In agreement with Navy Regulations in force in 1748, those midshipmen who showed special ability for the most difficult and abstract mathematical sciences were assigned to this School.

The distinguished naval officer Jorge Juan, then captain of the Midshipmen’s Company, encouraged the study of mathematics of future commanding officers. He was also the promoter of the Observatory of the Spanish Navy.

In the last decades of the 18th century the Observatory was an institution of reference in the Age of the Enlightenment. Many naval officers that attended the School had a very active and salient participation in important scientific projects like the Maritime Atlas of Spain, the first Nautical Almanac and the intercontinental enlightened scientific expeditions at the end of that century.
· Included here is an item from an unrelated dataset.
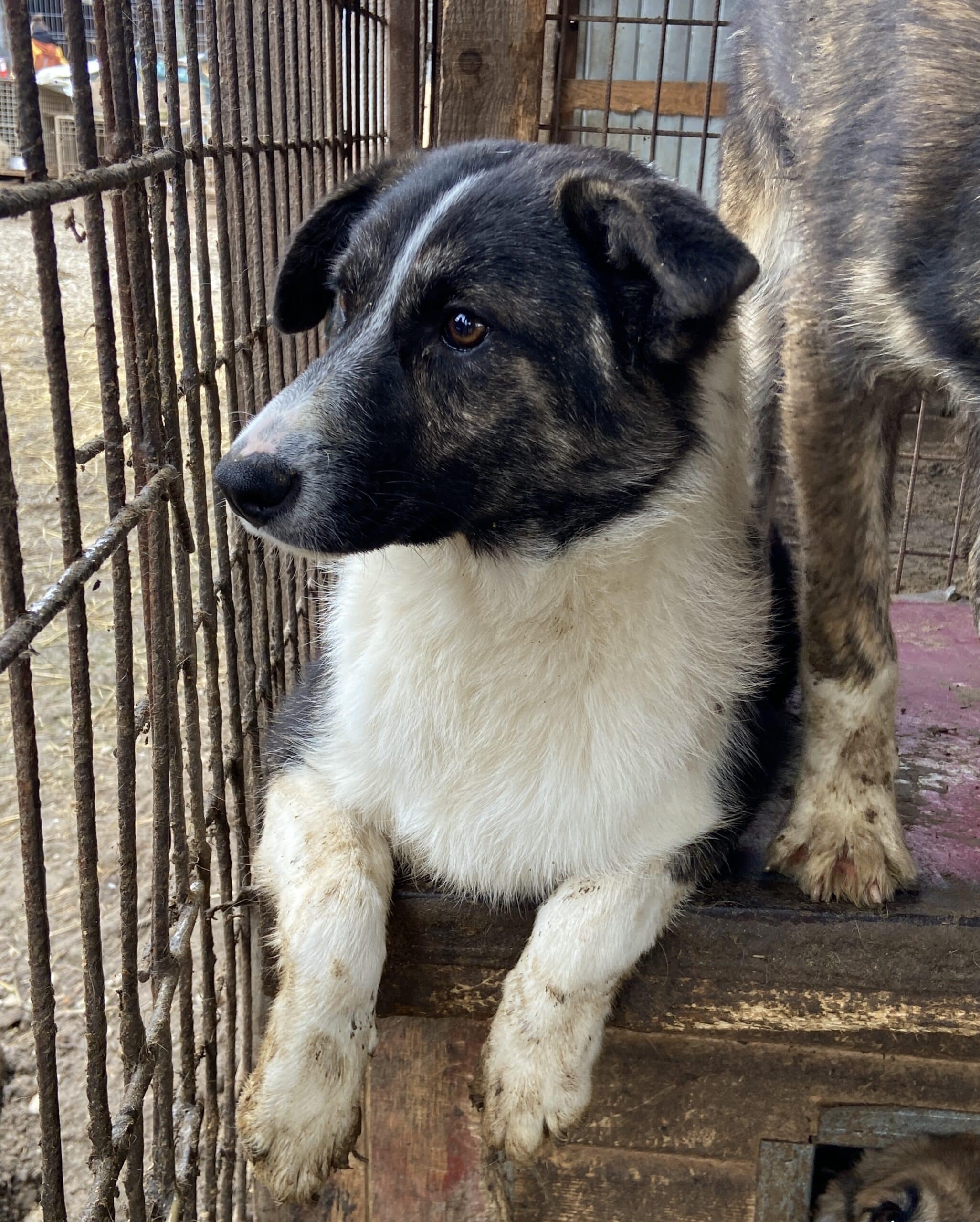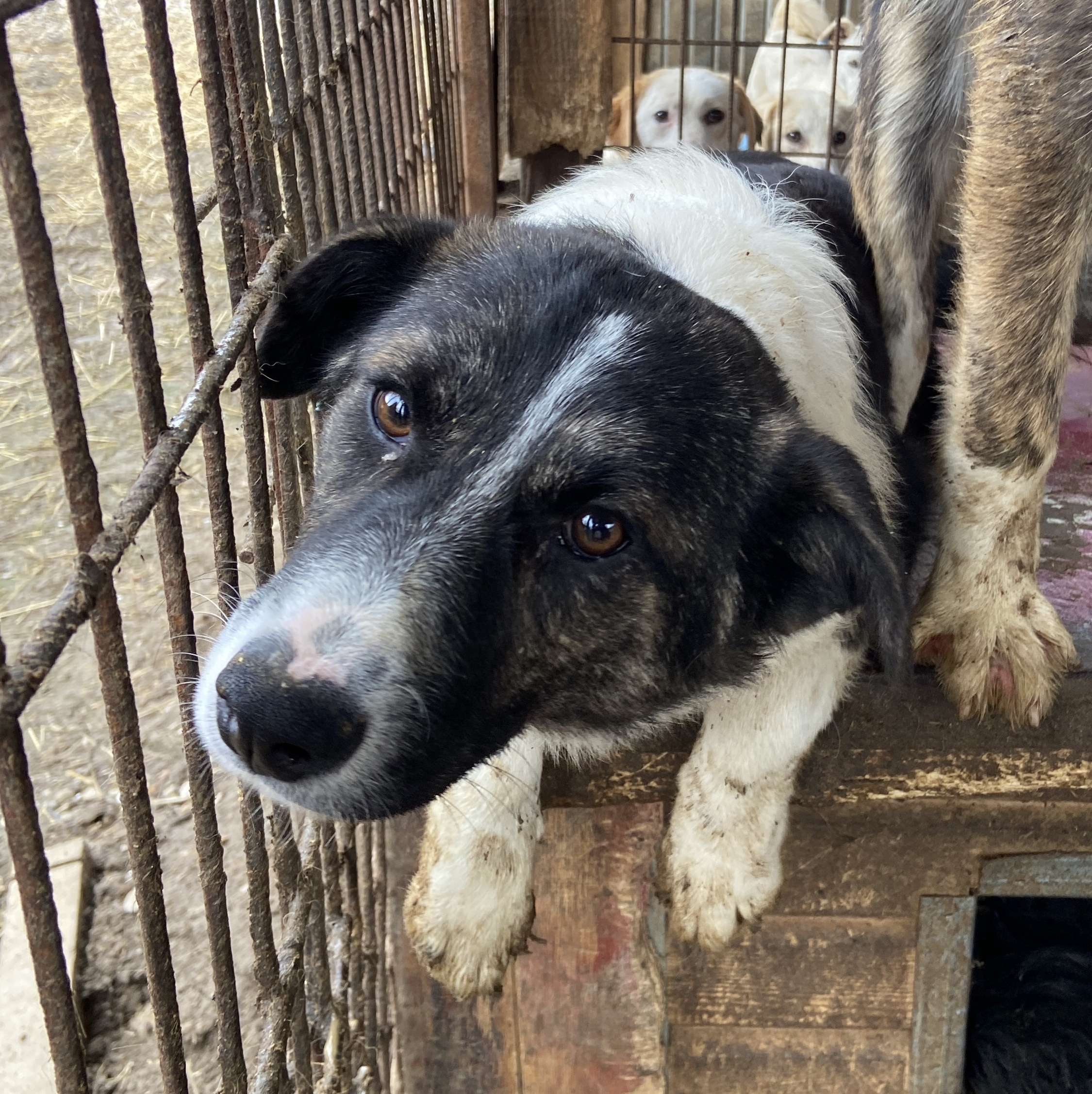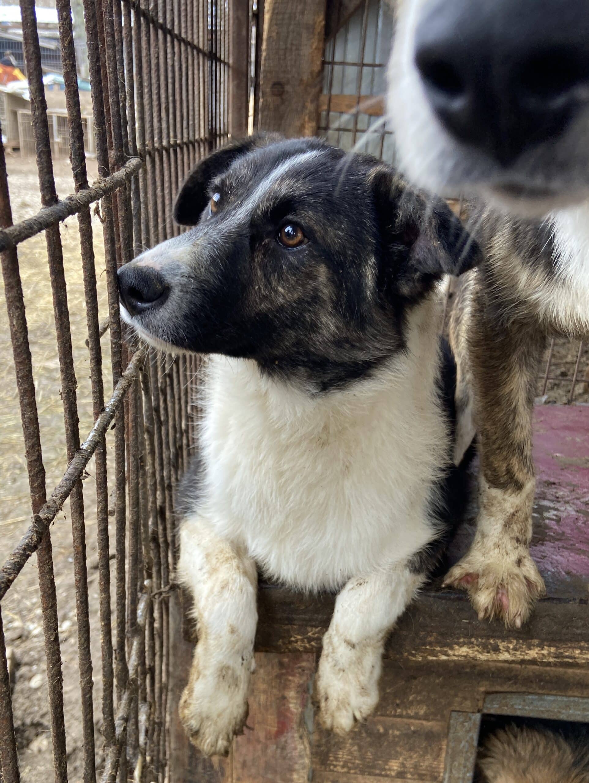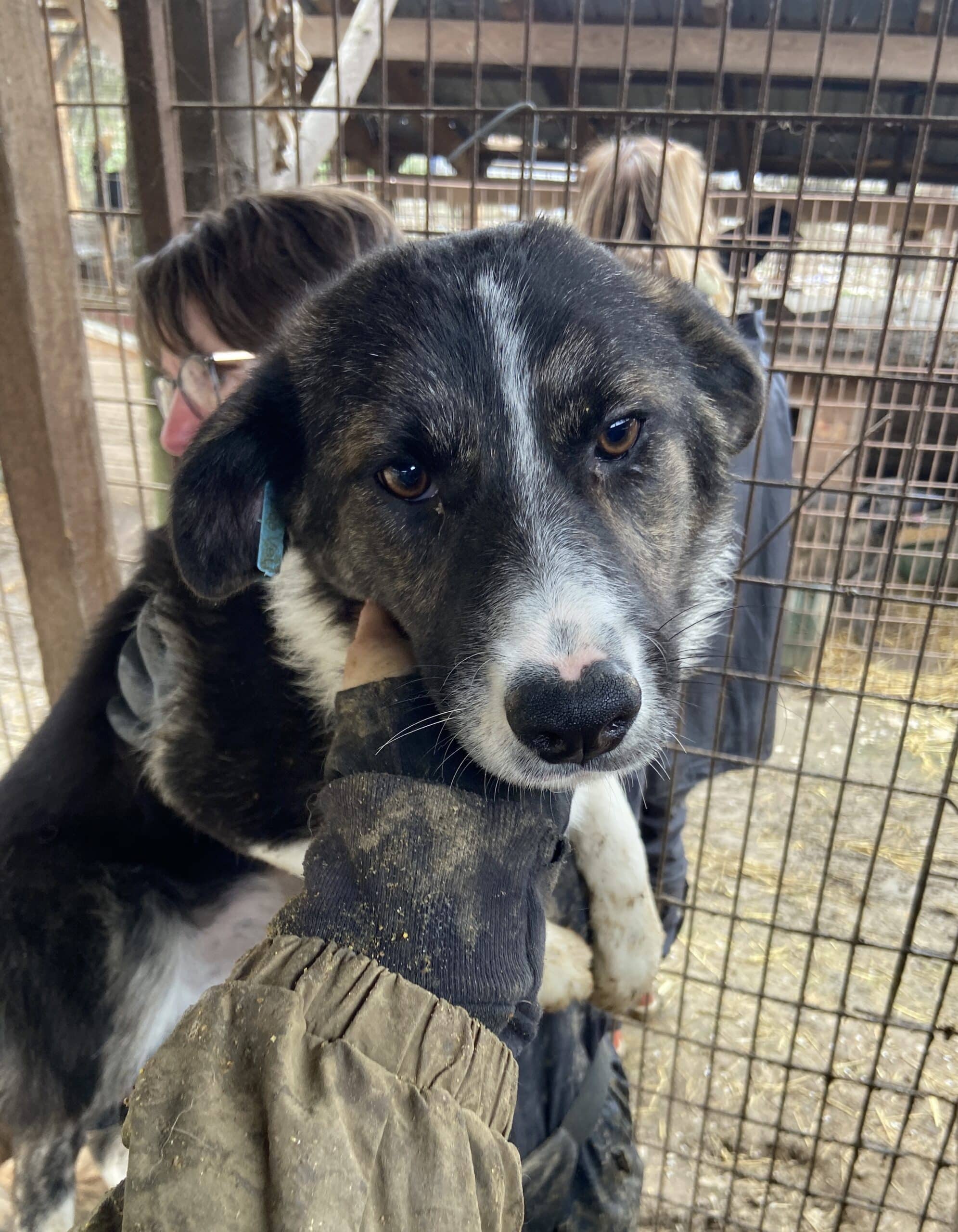 Die zuckersüße MIA mit der Herznase hielt sich während unseres Besuches fast ausschließlich auf der Hütte auf, von wo aus sie einen super Überblick über den Kennel hat und alles zuerst mitbekommt. Neugierig, freundlich und offen reagierte sie auf uns, nahm gerne unsere Leckerlie und ließ sich problemlos überall streicheln und auch hochnehmen. Mit ihren Kennelgenossen ist sie verträglich.

Soon afterwards, however, and due to the difficult moments in the aftermath of the Peninsular War and the reign of King Ferdinand VII, a deep financial and intellectual crisis prevented the Navy from furthering the important scientific research activities commenced in the previous century.

The School as such was founded in 1836 under the reign of Regent Queen María Cristina. The founding Royal Decree established the Chair of Advanced Studies in Mathematics for no more than 16 students at a time. The four-year course contemplated the following subjects: algebra, analytic geometry, geodesics, differential and integral calculus, mechanics, hydraulics, optics, astronomy and nautical astronomy. In 1856, the Royal Observatory established an exclusive Advanced Course for Spanish Navy officers on pure mathematics, mechanics, physics and astronomy.

Many notable naval officers that studied in the School were later posted to important scientific-related assignments like the Hydrographic Institute, the Royal Observatory, scientific expeditions and several faculty and Academy staffs.

After different vicissitudes and venue changes the School, along with the hydrographic associated departments, finally settled in the Royal Observatory.